O chefe do Grupo Wagner declarou em uma mensagem de áudio que as tropas russas "realizaram bombardeios, lançamentos de mísseis, contra nossas bases de retaguarda" na frente ucraniana, o que resultou na morte de muitos de seus combatentes.
"O comitê de comando do Grupo Wagner decidiu que é preciso conter aqueles que têm responsabilidade militar no país", prosseguiu o líder dos mercenários, 62.
O Ministério da Defesa russo afirmou em um comunicado que as forças ucranianas estão aproveitando as disputas entre o Wagner e o Exército russo para preparar um ataque perto da cidade de Bakhmut, leste da Ucrânia.
"Nós somos 25.000 e iremos determinar as causas do caos que reina no país (...). Nossas reservas estratégicas são todo o Exército e todo o país", proclamou Prigozhin, convocando "todos os que quiserem" a se unirem a seus homens para "acabar com a desordem".
O Exército russo negou categoricamente as acusações de ataques. "As mensagens e os vídeos divulgados nas redes sociais por Y. Prigozhin sobre supostos 'bombardeios do Ministério da Defesa russo contra as bases de retaguarda do grupo paramilitar Wagner' não correspondem à realidade e são uma provocação", afirmou o ministério em comunicado.

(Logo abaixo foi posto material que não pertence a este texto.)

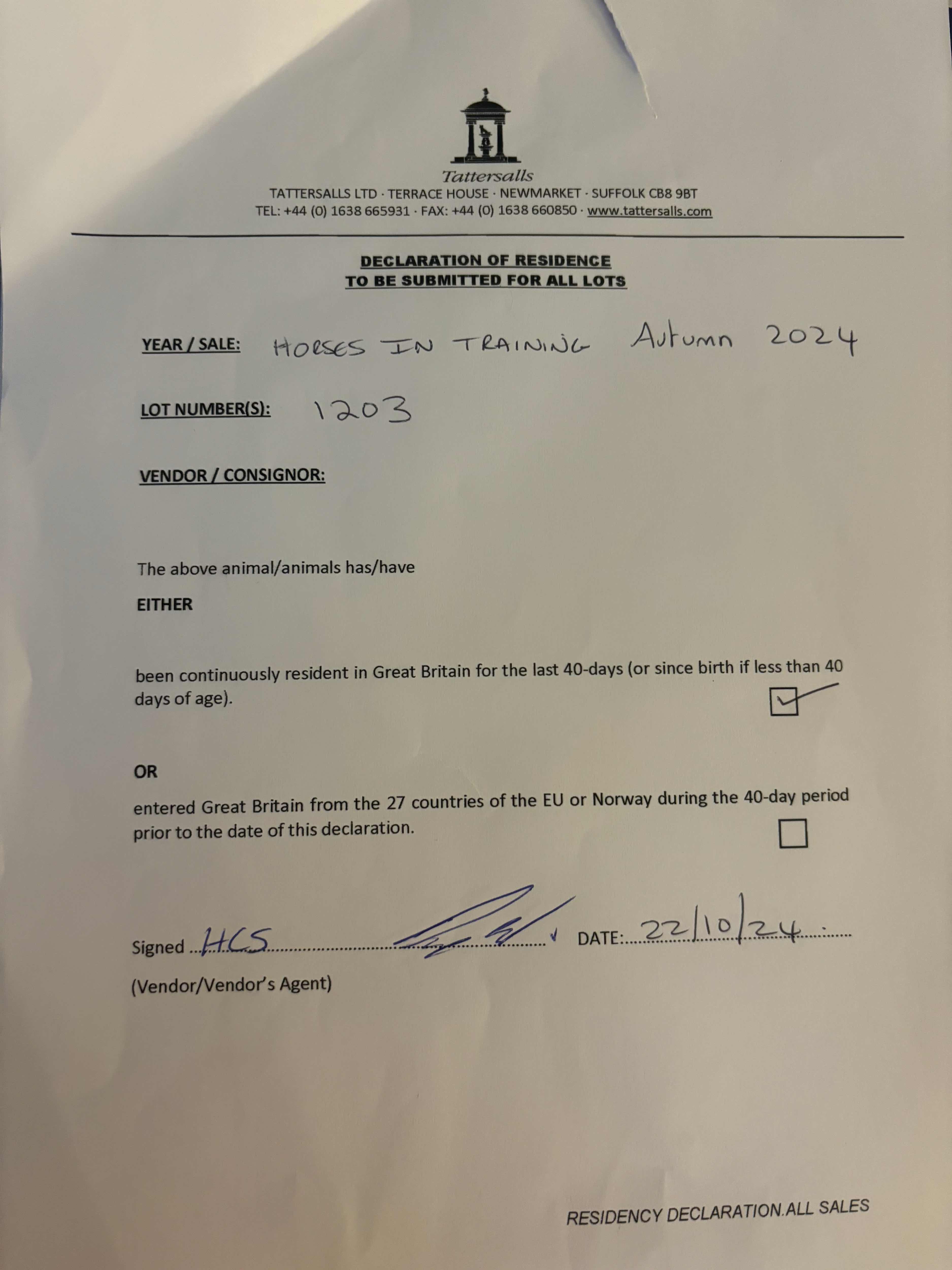 Somerville Yearling Sale 2024 lot 463 C. by Nando Parrado (GB) 2023, Loughmore Stables, Ireland=>Vendor 15,000 gns

- Militares 'se banham em seu sangue' -
Horas antes do surgimento da crise, Prigozhin afirmou que o Exército russo estava "se retirando" no leste e sul da Ucrânia, contradizendo as afirmações do Kremlin, para o qual a contraofensiva de Kiev fracassa. "As Forças Armadas ucranianas estão fazendo as tropas russas recuarem", declarou, em entrevista publicada no aplicativo Telegram por seu serviço de imprensa.
"Não há controle algum, não há vitórias militares" de Moscou, insistiu Prigozhin, acrescentando que os militares russos "se banham em seu sangue", referindo-se às grandes perdas sofridas pelas tropas regulares.

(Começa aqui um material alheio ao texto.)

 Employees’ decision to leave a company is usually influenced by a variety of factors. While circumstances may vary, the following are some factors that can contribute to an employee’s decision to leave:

No entanto, autoridades na capital ucraniana, Kiev, informaram que alertas de defesa antiaérea foram ativadas e que explosões foram ouvidas no distrito de Solimanski.
Em Kharkiv, segunda maior cidade da Ucrânia, também foram ouvidas explosões, enquanto outras províncias registraram lançamentos de mísseis.
Putin e seu ministro da Defesa, Sergei Shoigu, afirmam, por sua vez, que o Exército está "repelindo" todos os ataques ucranianos.